Given entries:

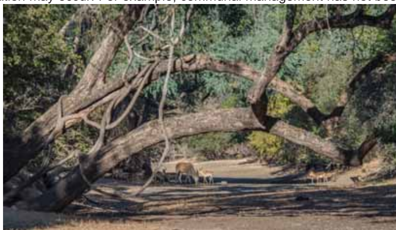
Wildlife conservation area in northern Zimbabwe

Where wildlife is valued for trade, secure property rights for users can provide groups with an incentive for sustainable management. However, without market value (or other cultural or social incentives for sustainable management) overexploitation may occur. For example, communal management has not been effective for woodlands in Zimbabwe, which may be due to the poor returns gained from woodlands because of poor soil, limited rainfall and consequent low productivity. These returns may not be enough to justify investments in building effective management institutions (Campbell et al., 2001). This is in contrast to Zimbabwe’s CAMPFIRE wildlife-management programme, where returns for safari hunting of elephant have provided strong incentives for sustainable resource management (Child et al., 1997; Campbell et al., 1999).
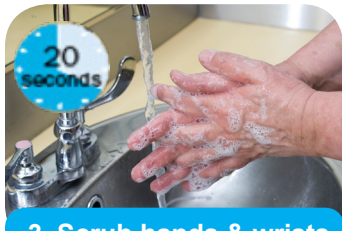
3. Scrub hands & wrists

3. Lather hands for about 20 seconds while rubbing with soap.
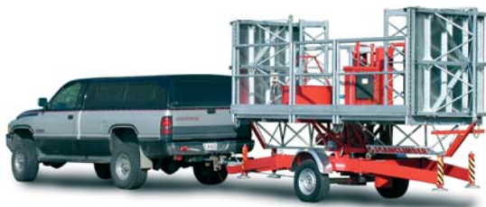
Transportation by towable Trailer Chassis

Single masted platform length up to 10 m and twin masted up to 25 m.
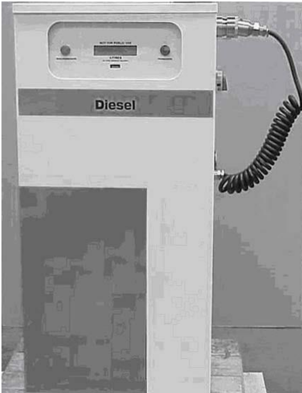
Compac Industries Model MR400S Compac Model MR400S Bulk Delivery System
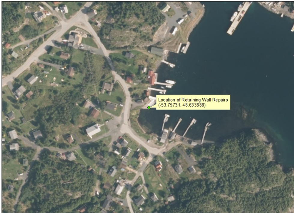
Repiaring an Existing Retaining Wall in Happy Adventure
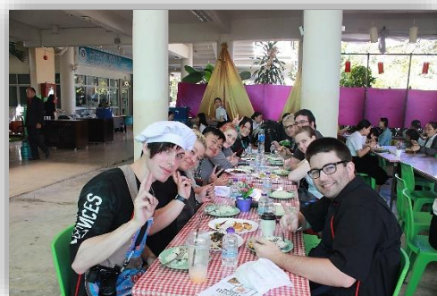
Photo Caption: Thai cooking is a great activity for students to learn how to create their very own meals which can be useful for the future when the students return back home. During this session, students cooked 3 unique dishes including: stir-fried pork with basil leaves, sweet and sour egg with tamarind and black jelly in milk.
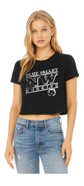
Parent Booster Club fundraiser is Feb. 3 - Save the date!

Save the date! Denim and Diamonds is back and you don't want to miss it! Hope you can join us and support our students and school. Go Huskies!

The problem: Lines containing the word "students": copy each of them from the material.

Answer box:
Photo Caption: Thai cooking is a great activity for students to learn how to create their very own meals which can be useful for the future when the students return back home. During this session, students cooked 3 unique dishes including: stir-fried pork with basil leaves, sweet and sour egg with tamarind and black jelly in milk.
Save the date! Denim and Diamonds is back and you don't want to miss it! Hope you can join us and support our students and school. Go Huskies!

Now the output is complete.